2) Black Flame: the Revolutionary Class Politics of Anarchism and Syndicalism (AK Press, USA, 2009), with Lucien van der Walt. A controversial attempt to discover the coherent heart of anarchist theory by looking at the historical record, it has been translated into German (Nautilus, Germany, 2012), and translations are pending in Spanish, French and Greek. This book remains my core statement of political belief and I have not wavered from it (note the positions in Chapter 10 in particular on the intersections of race, nationalism and class, which are profoundly anarchist). Its unpublished sister volume Global Fire stresses the practical internationalism of the anarchist movement and its practical engagement with race and national liberation particularly in Africa, the Middle East, Latin America, Oceania and Asia.
3) Cartography of Revolutionary Anarchism (AK Press, USA, 2013), which is the English translation of the French original (Lux Éditeur, Canada, 2012). This is in some ways a pocket version of Black Flame & Global Fire together: a potted history of the international anarchist movement in five waves from 1868, it stresses the multi-ethnic, transnational nature of the movement across the decades and is unique for its non-Western scope.
4) Drinking with Ghosts: the Aftermath of Apartheid’s Dirty War (BestRed, South Africa, 2014).

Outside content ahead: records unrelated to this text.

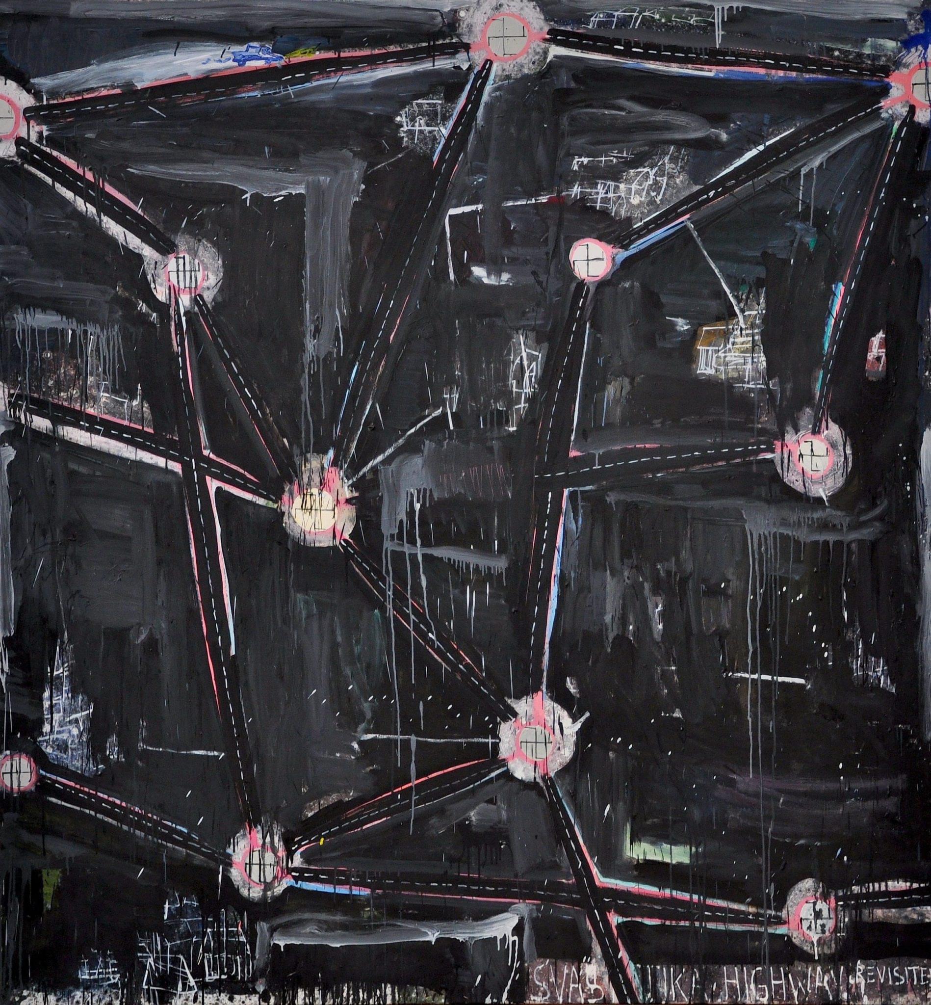 Among the most compelling turns in Vandenberg’s process was the mutation, over and again, from the representational to the abstract and vice-versa. Metaphor is at stake because it denotes a transference of one attribute (the “tenor”) to another (the “vehicle”) that is comparable while different: the Greek root metapherein literally means “a carrying over.” Under a metaphorical spell, crucifixes turn into cryptic wedges or splinters, dotted lines into dots, carousels into stark boxy armatures, stones into blockheads, penitents’ pointy hats into a seemingly gay, quilted chromatic field. (xxxviii) Raising manic alarm, swastikas turn into a linear jigsaw or a de Stijl–like homage to the picture plane’s sanctity, in Untitled (Étude svastika [Svastika Study], 2002–03). (xxxix) Many such components merge in the queasy, hypnotic mirage-maze, Peinture d’embouteillage (Bottleneck Painting, 2002). This sublimation from pain, as it were, to pattern brings to mind the German aesthetician Wilhelm Worringer’s theory that fearful humankind needs turn from a hostile cosmos to the consoling reification of abstraction: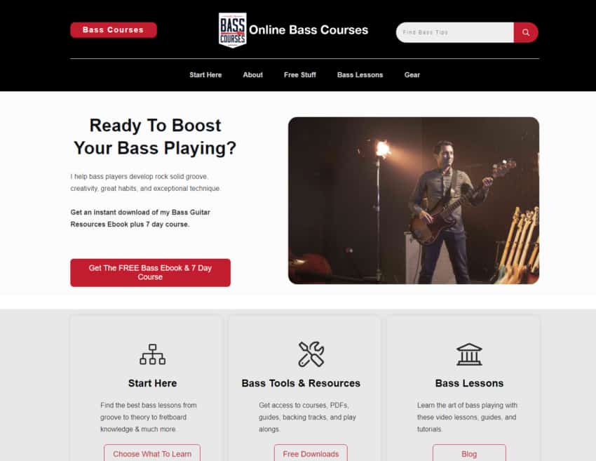 Here you will find quite the number of free lessons that cover everything a that beginner who is just starting out should know, like; Technique, Theory, Bass Lines, Reading, Fretboard Knowledge, Groove & Timing, and the Mindset that you should have.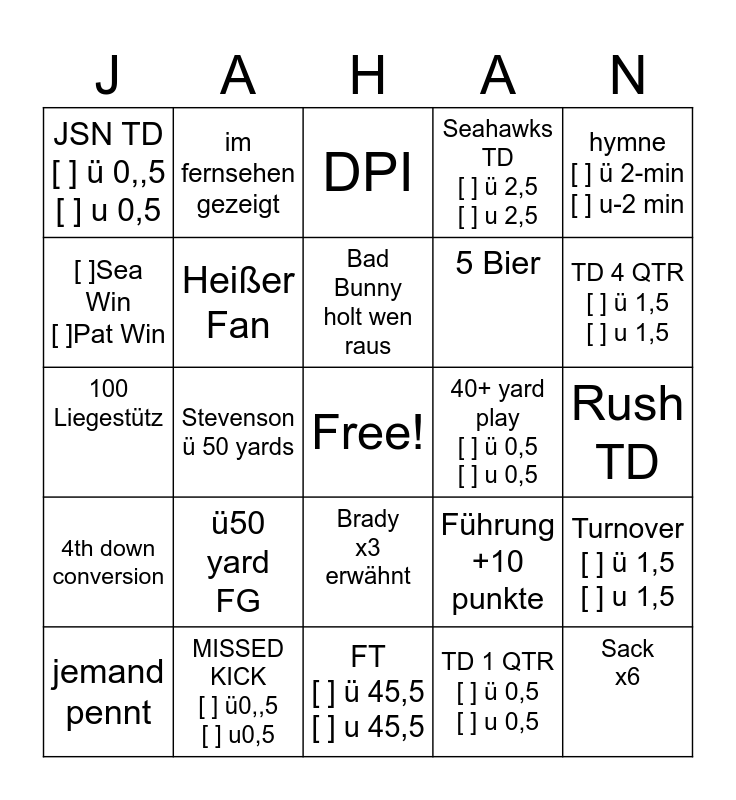 This bingo card has a free space and 24 words: ü50 yard FG, MISSED KICK [ ] ü0,,5 [ ] u0,5, Bad Bunny holt wen raus, jemand pennt, hymne [ ] ü 2-min [ ] u-2 min, JSN TD [ ] ü 0,,5 [ ] u 0,5, [ ]Sea Win [ ]Pat Win, im fernsehen gezeigt, 40+ yard play [ ] ü 0,5 [ ] u 0,5, Brady x3 erwähnt, 5 Bier, 100 Liegestütz, Führung +10 punkte, Turnover [ ] ü 1,5 [ ] u 1,5, Heißer Fan, TD 1 QTR [ ] ü 0,5 [ ] u 0,5, Rush TD, DPI, TD 4 QTR [ ] ü 1,5 [ ] u 1,5, Stevenson ü 50 yards, Sack x6, 4th down conversion, Seahawks TD [ ] ü 2,5 [ ] u 2,5 and FT [ ] ü 45,5 [ ] u 45,5.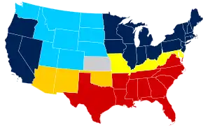 Siete estados algodoneros del Sur profundo se habían separado de la Unión en febrero de 1861: Carolina del Sur, Misisipi, Florida, Alabama, Georgia, Luisiana y Texas.[61] Estos siete estados se unieron formando los Estados Confederados de América el 4 de febrero, con Jefferson Davis como presidente y una estructura gubernamental similar a la de la Unión. Tras el ataque de Fort Sumter, el presidente Lincoln reclutó un ejército voluntario en cada estado. En dos meses, cuatro estados sureños más declararon su unión a la Confederación: Virginia, Arkansas, Carolina del Norte y Tennessee.[62] La región noroccidental de Virginia se separó de este uniéndose a la Unión con el nombre de Virginia Occidental el 20 de junio de 1863. Hacia finales de 1861 Misuri y Kentucky estaban divididos, teniendo ambos gobiernos, uno prosureño y otro prounionista. Varias tribus amerindias, poseedoras de esclavos, apoyaron a la Confederación, provocando en el Territorio Indio una pequeña guerra civil muy sangrienta.[63]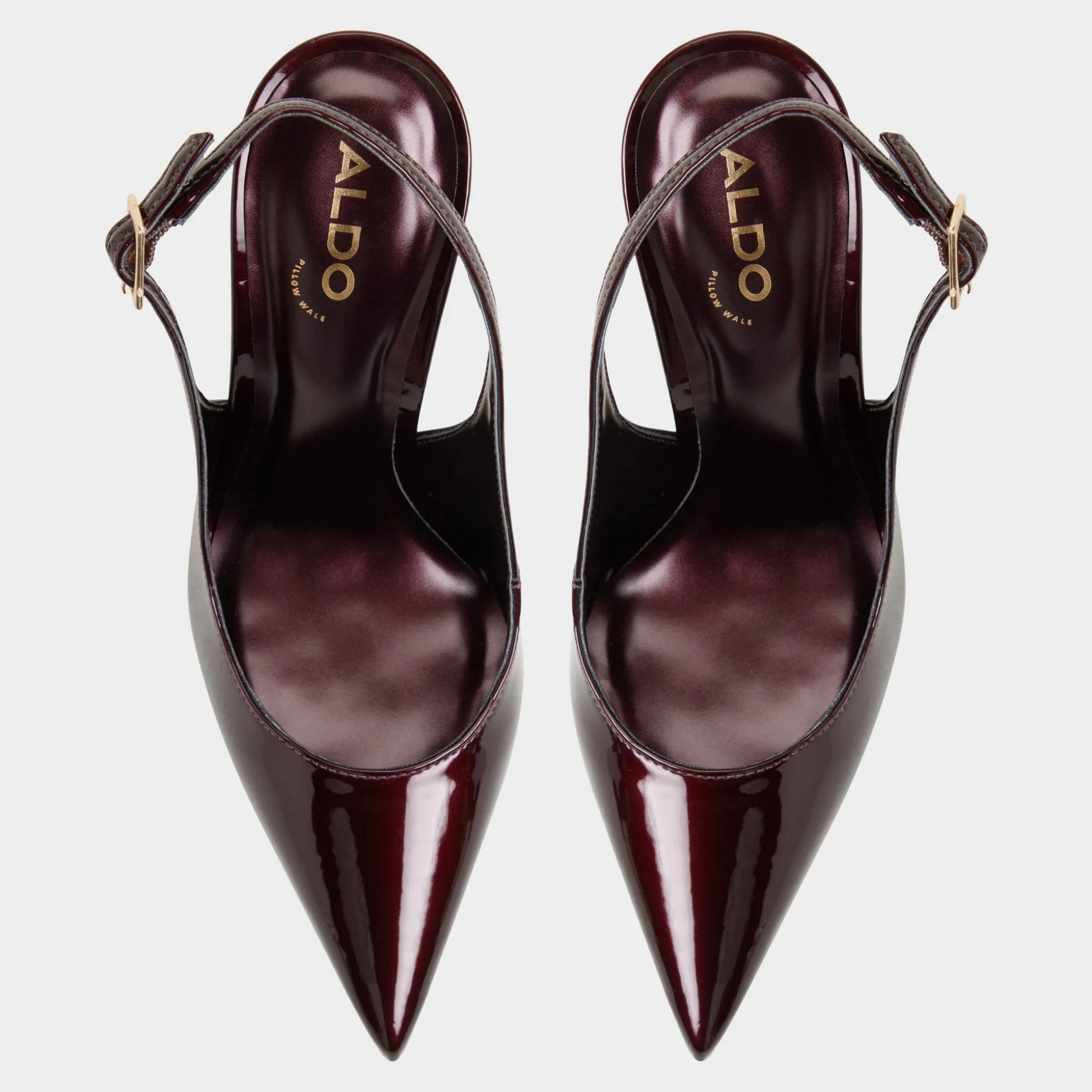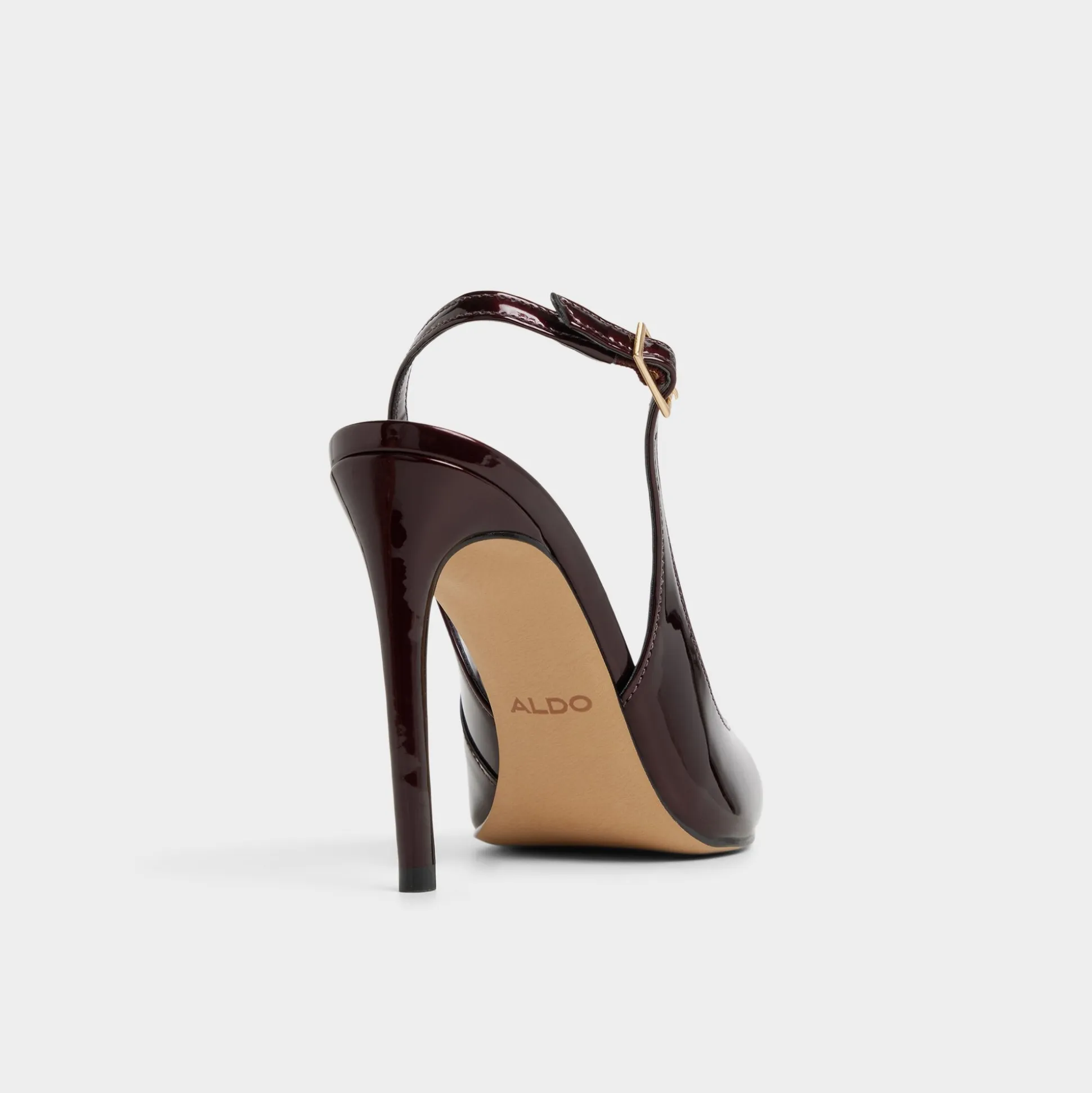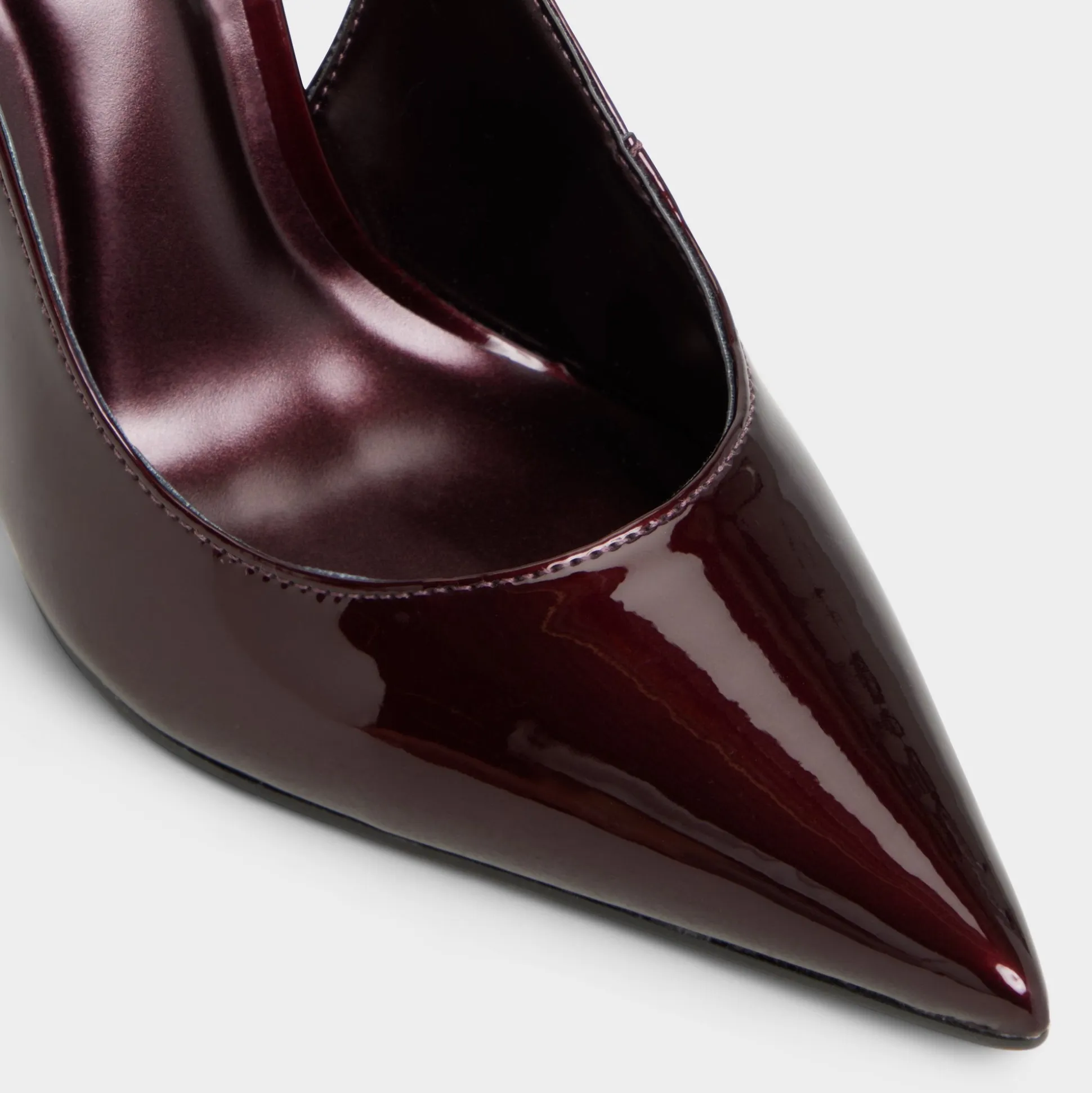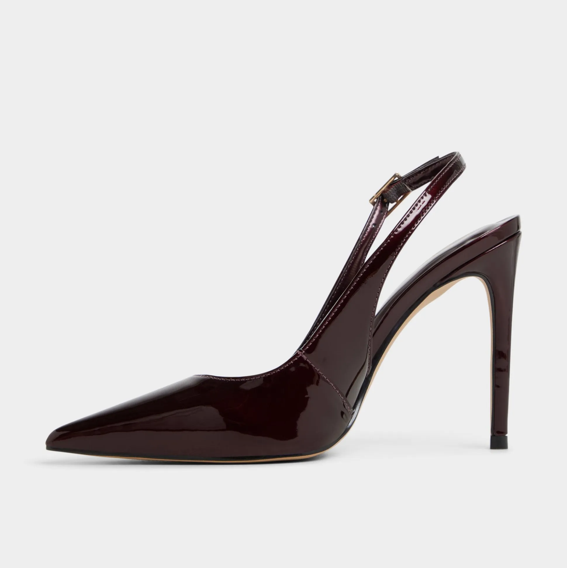 Burgundy patent wraps pointed slingbacks, soaring on razor stilettos that deliver after-dark confidence, while soft footbeds cushion every stride and the gleam of this heel height anchors the look in elegant, city-ready attitude. Pair with tailored trousers for gallery openings, or slip into a sleek slip dress for after-dark city strolls.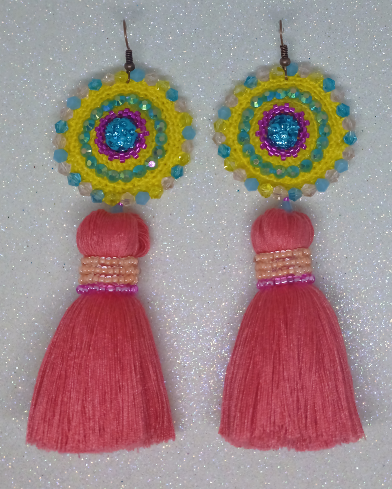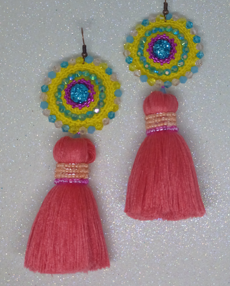 Každú náušničku ukončuje ručne robený strapček, ktorý skrášľujú korálky.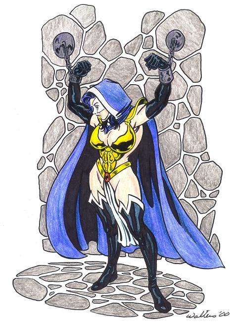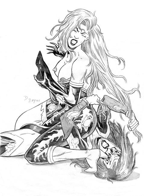 Another catfight picture done in the style of the Mantra versus Electrocute series, this time featuring our heroine venting her aggressions on Zatanna. |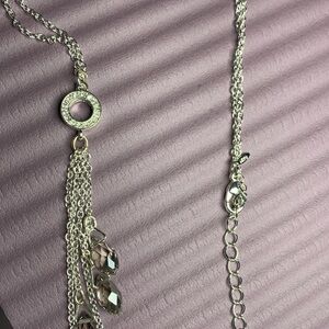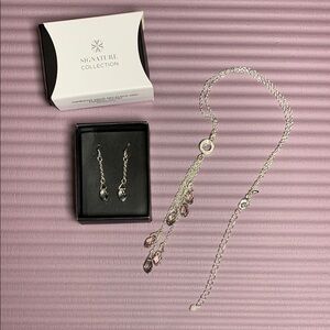 Elevate your style with the jewelry set. This elegant set features a silvertone drop necklace and matching earrings. Perfect for any occasion.
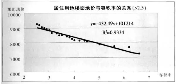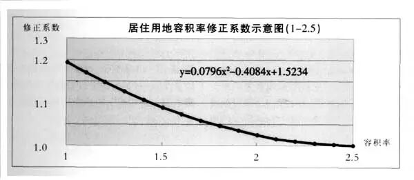 y=0.0796x2-0.4084x+1.5234计算得出。 其他容积率段、其他土地用途以及其他基准容积率条件下的修正体系可同理得出。 |

This looks at the continuing damage done by the legacy of apartheid transnationally in Southern Africa – it avoids most local books’ narrow nationalist perspective and is explicitly anarchist in perspective.
5) A Taste of Bitter Almonds: Perdition and Promise in the New South Africa (BestRed, South Africa, due November 2015). This takes the controversial position that the corporate entity that is “South Africa” was established on the bones of the genocide of First Nations people here, stresses the multi-ethnic and mixed-race nature of all South Africans including myself, and consists of interviews across the country with the poor and excluded, mostly black, majority from an anarchist perspective.
Conclusion
Two swallows don’t make a summer, and the fact that I maintained a Stormfront profile and some fake Facebook accounts does not make me a fascist: they need to be seen in their proper context of my exhaustive research into the international anarchist movement over the past 15 years – work that is pretty much unique in terms of the breadth and depth of its non-Western (ie: non-white) materials. In 26 years of paid journalism and 23 years of unpaid anarchist activism, I don’t believe I’ve ever written an article that had even a whiff of white supremacy, fascism or racism to it – yet I do realise I am saying this as a white South African who continues to benefit directly from centuries of institutional racism. I won’t make any claim about how many back friends I have, but the fact is that my most beloved friends and comrades hail from diverse cultures across the planet. I truly hope that this response is taken by those friends and my comrades at AK Press in a constructive spirit and that, even if we only finally manage agree to disagree over my methods of research, at least then part with no ill feelings.
Red & Black regards
Michael Schmidt

The rumors and evidence pieces are numerous at this point, but without a coherent claim we will just say that the accusations have been made by trusted sources, but we have yet to see exactly what is being accused.